Out-Law News 2 min. read

Fine shows companies must promote competition law compliance within the workforce, says expert


Enforcement action taken against a fridge supplier over conditions the company placed on the resale price of its products in internet sales shows the need for all companies to promote competition law compliance within their workforce, an expert has said.

On Tuesday the UK's Competition and Markets Authority (CMA) announced that it had imposed a fine of £2,298,820 on ITW Ltd for a breach of competition rules. The regulator took issue with resale price maintenance (RPM) the company had engaged in in internet sales and subsequently admitted to.

The CMA said ITW, through its Foster Refrigerator division, had employed a ‘minimum advertised price’ policy that restricted the price that its goods could be advertised for online by distributors. The company threatened to charge its dealers "higher cost prices for Foster products" or to stop supplying the products altogether if the distributors advertised the fridges below the minimum price.

The CMA said that ITW's actions amounted to a breach of the UK's Competition Act. The fine served on ITW was discounted by 10% after the company agreed to set up a "comprehensive programme to train its staff in compliance with competition law". A further 20% reduction on the level of fine was also applied to account for "savings due to ITW’s admission and co-operation with the CMA under a settlement agreement", the authority said.

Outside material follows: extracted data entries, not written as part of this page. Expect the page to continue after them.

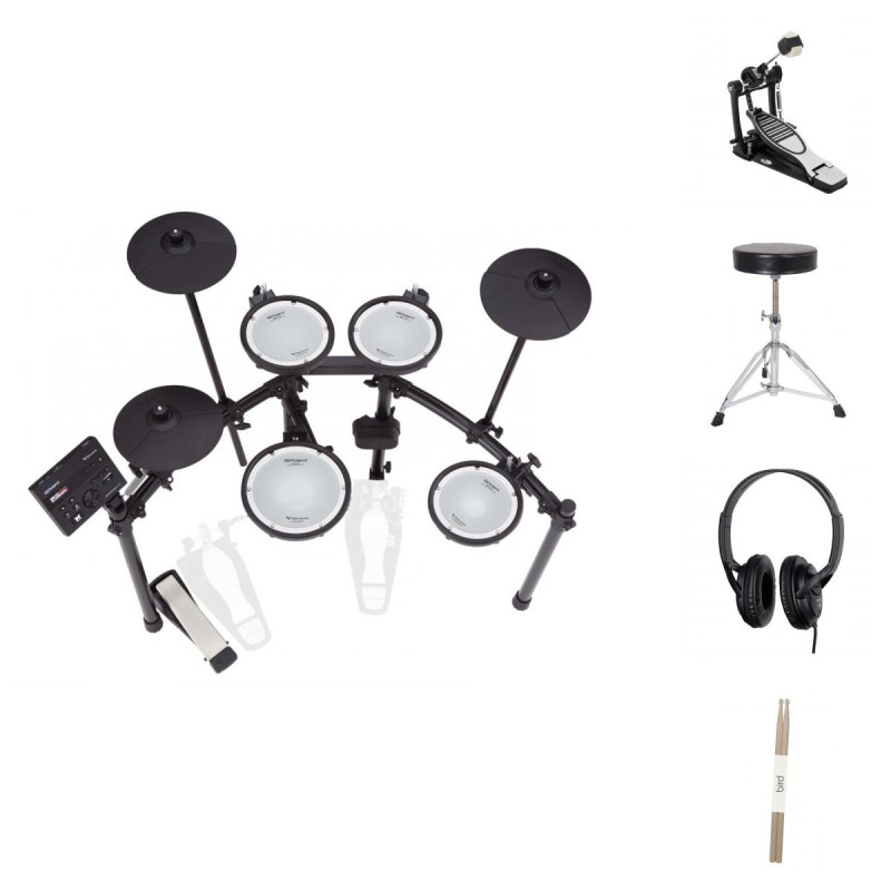 Compacte et d'un prix abordable, mais dotée d'un son, d'un toucher et de fonctions professionnels pour vous faire progresser rapidement, La batterie électronique ROLAND TD-07DMK Full Pack est le point d'entrée de la série V-Drums. Bien que les pads soient plus petits que ceux des kits de la gamme supérieure, vous apprécierez la sensation satisfaisante que procurent la caisse claire PDX-8 et des trois toms PDX-6A, tous dotés des peaux ultra-silencieuses Roland à mailles doubles. Les cymbales compactes CY-5 (crash et ride) vous permettent de jouer avec expression dans les espaces restreints, tandis qu'un kick pad monté sur pied s'associe à l'encombrement le plus réduit de la gamme TD-07 pour former un kit parfait pour la maison.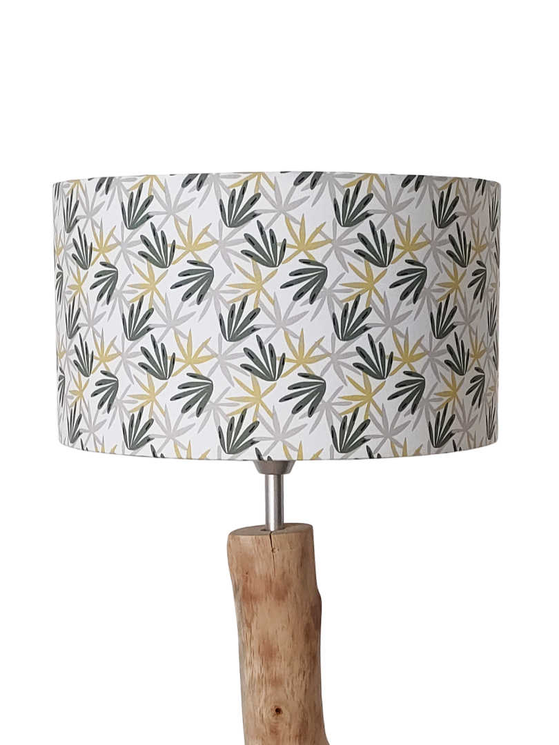 L’abat-jour est réalisé à partir d'une carcasse métallique finition époxy blanche recouverte de tissu 100% coton certifié OEKO TEX (sans produit chimique) motifs imprimés feuillees vertes contrecollé sur un polyphane ignifugé blanc (PVC non inflammable).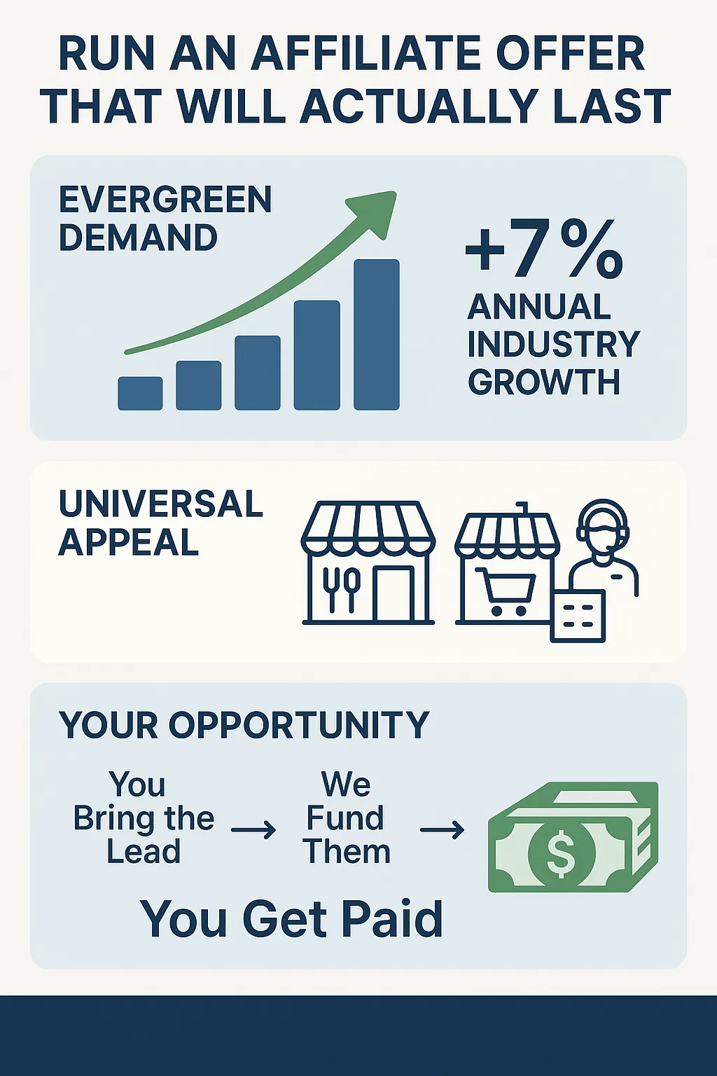 Ditch the short-lived campaigns that fizzle out fast. Push an EVERGREEN product that businesses of ALL sizes need, in a massive industry growing over 7% every year.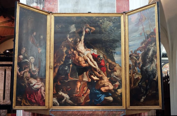 The Elevation of the Cross is an artwork that consists of a huge triptych and a smaller oil-on-paper painting. The artist created this art piece to decorate a church in Antwerp, the Church of St. Walburga. After this, the church was destroyed; the artwork went to the main Cathedral of Antwerp.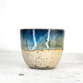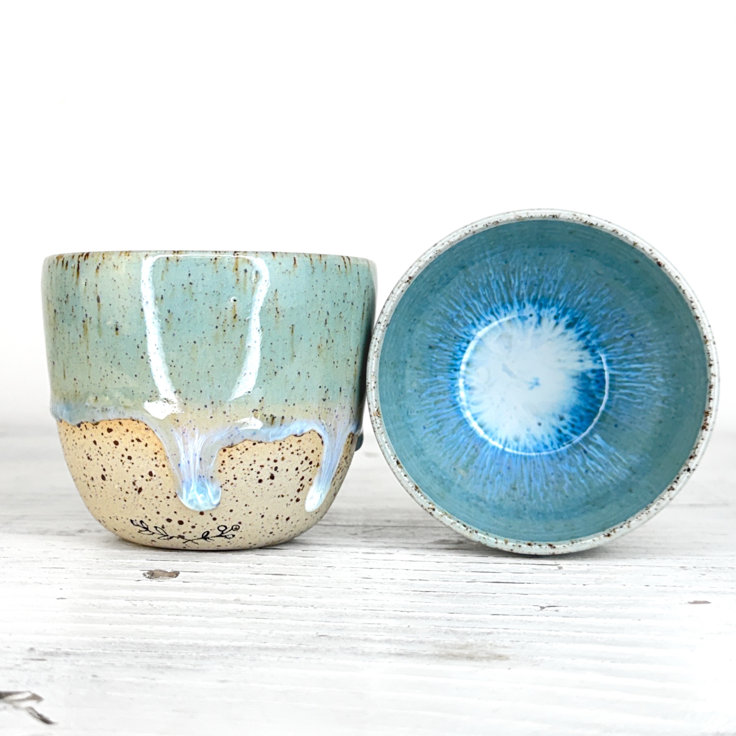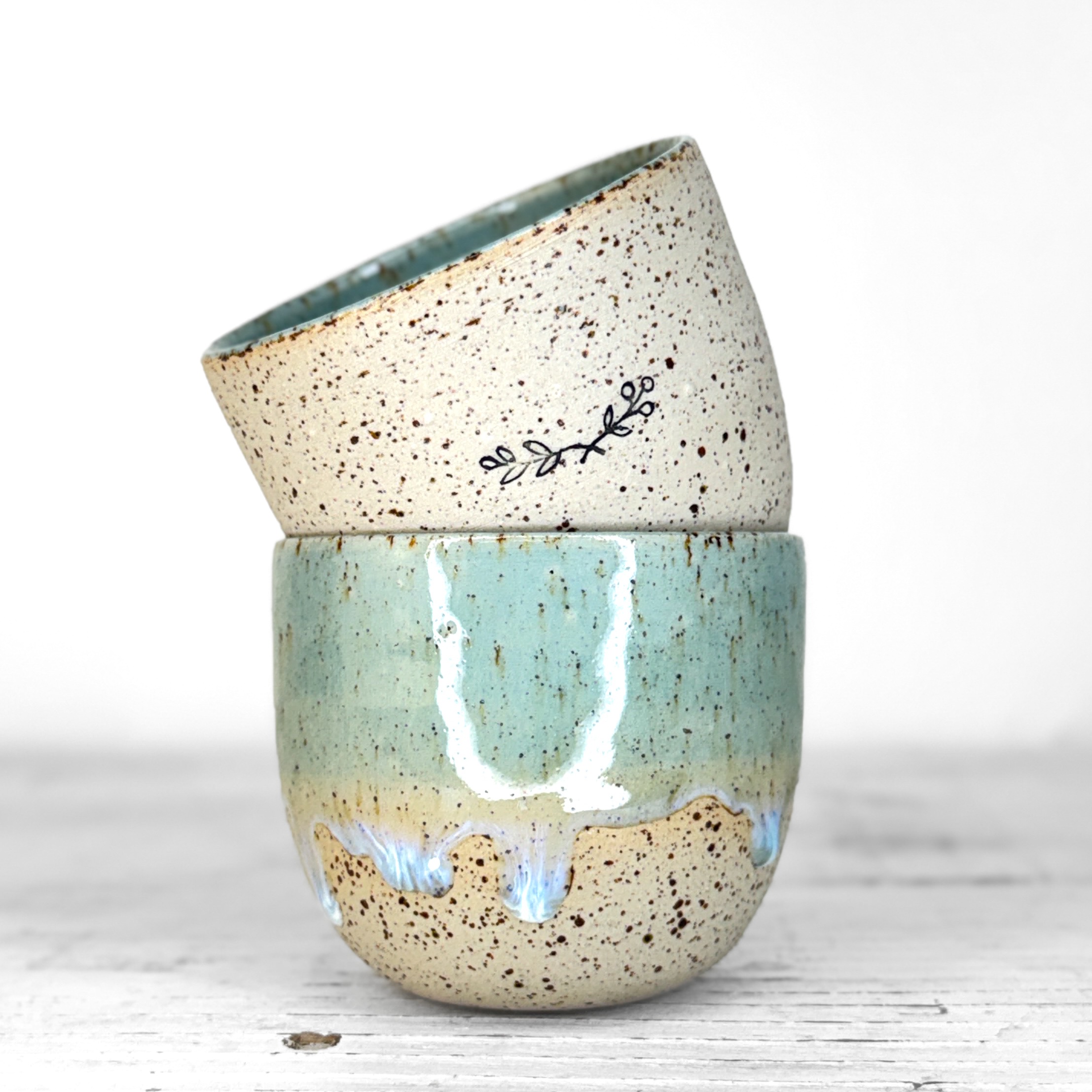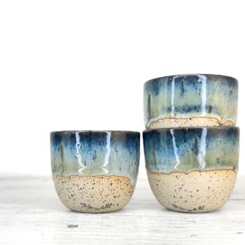 Tento kalíšek je ručně vytočený na hrnčířském kruhu z pigmentované kameniny a vypálený při vysokých teplotách v elektrické peci. Každý kus vzniká samostatně, bez forem a bez snahy o naprostou shodu. Drobné rozdíly v tvaru, tloušťce i povrchu jsou přirozenou součástí ruční práce.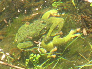 【右】モリアオガエルのラブラブ。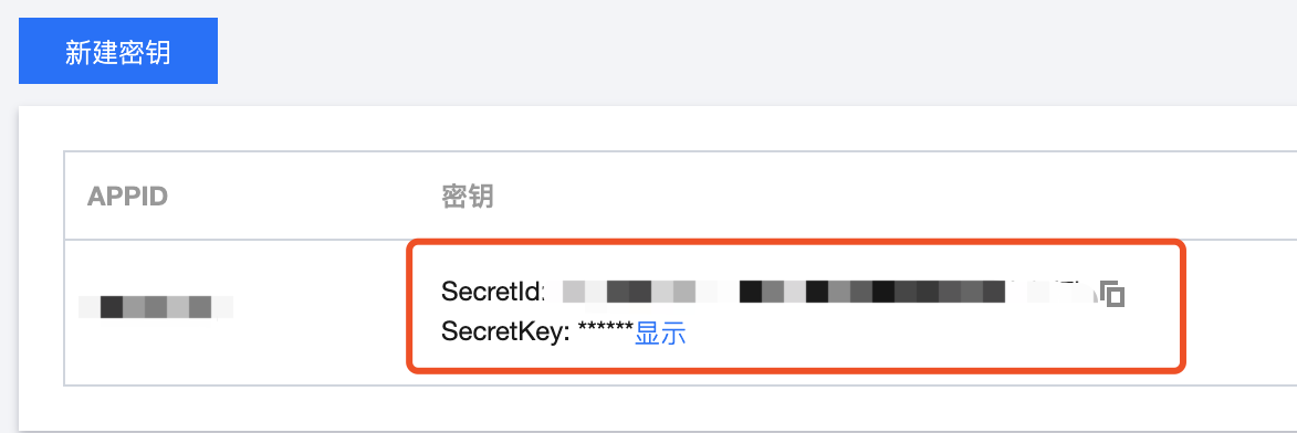 在密钥列表中,可以查看并复制 SecretId 和 SecretKey。您也可以新建密钥信息,详情请参考 【访问密钥】 文档。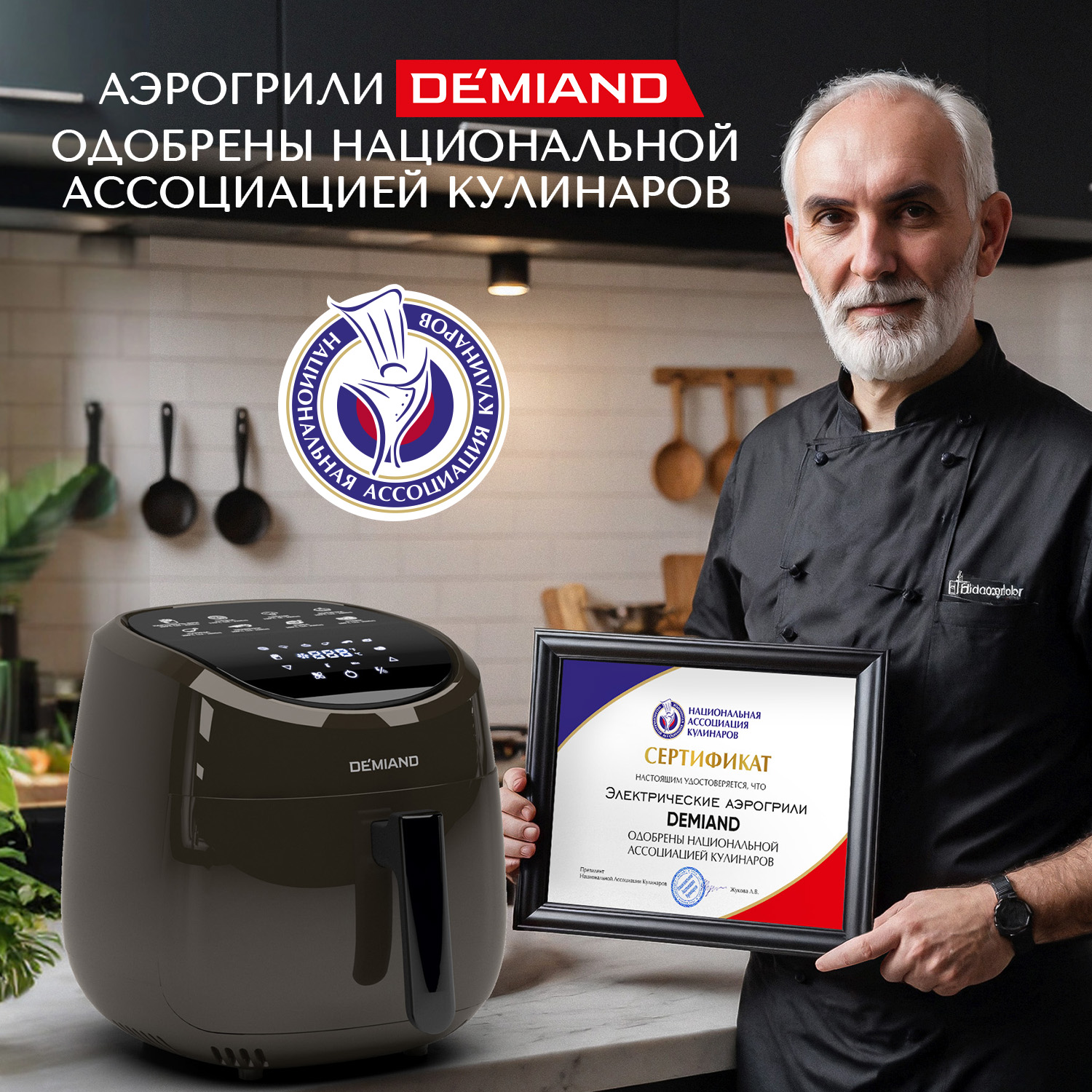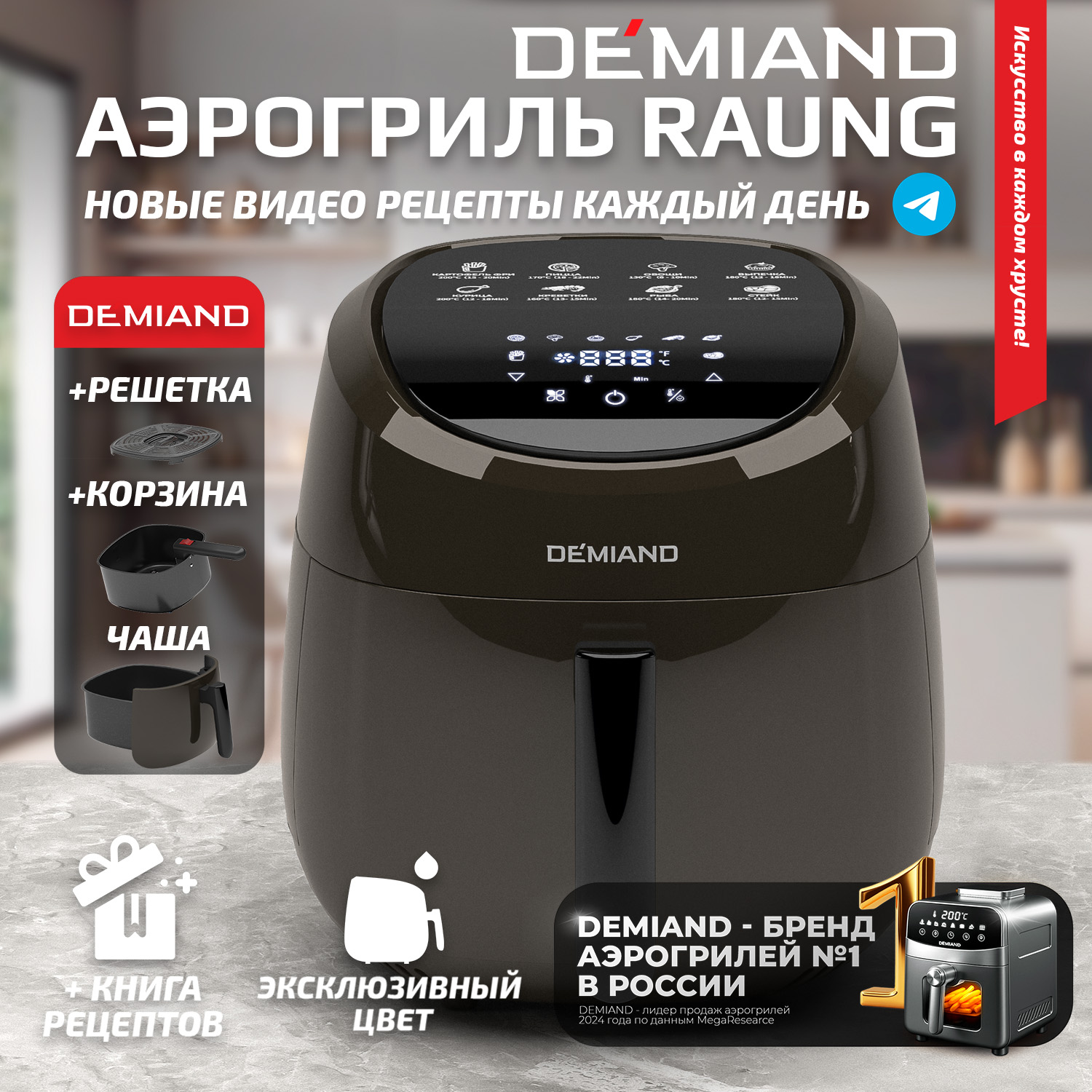 Аэрогриль DEMIAND RAUNG 5 в 1, 8 автоматических программ, съемная решетка, корзина со съемной ручкой, книга рецептов, объем 4,5 литра, 1400Вт, DK-1600/Шоколад

"RPM is illegal because it stops dealers setting their prices independently to attract more customers," the CMA said. "Whilst the CMA has decided only to impose a penalty on the supplier in this case, dealers should be aware that they can also be fined for entering into RPM agreements with suppliers."

Competition law specialist Caroline Janssens of Pinsent Masons, the law firm behind Out-Law.com, said: "This case shows once again that so-called 'vertical' restrictions between suppliers and distributors, particularly those involving vertical price-fixing in relation to online sales, remain a key area of concern for the CMA and remain very high on its radar."

"This case also emphasises the importance for businesses to invest time and resources in promoting an understanding of competition law among their employees. One way of doing this is to devise and actively implement a robust and tailored competition compliance policy. Not only a compliance policy that minimises the risk of breach in the first place, but if the company is investigated for anti-competitive behaviour, evidence of a compliance policy may be taken into account by the CMA and can lead to a reduction in fine," she said.

In its statement the CMA also said that it had sent "warning letters" to 20 other companies operating in the commercial catering equipment sector. The regulator believes those companies might have engaged" in similar internet sales practices" to those ITW had deployed, it said.

"The warning letters have been sent to suppliers of commercial catering equipment that may have implemented minimum advertising price polices and also to dealers that may have agreed to apply the policies imposed by their suppliers," the CMA said. "A warning letter does not itself mean that a company has been found to have broken competition law. However, if necessary, the CMA will also take further enforcement action against companies which participate in RPM."

Ann Pope, senior director at the CMA, said that the regulator "takes vertical price-fixing seriously" and is "focused on tackling anti-competitive practices that diminish the many benefits of e-commerce across all sectors".

The CMA recently fined a bathroom fitting company for engaging in RPM.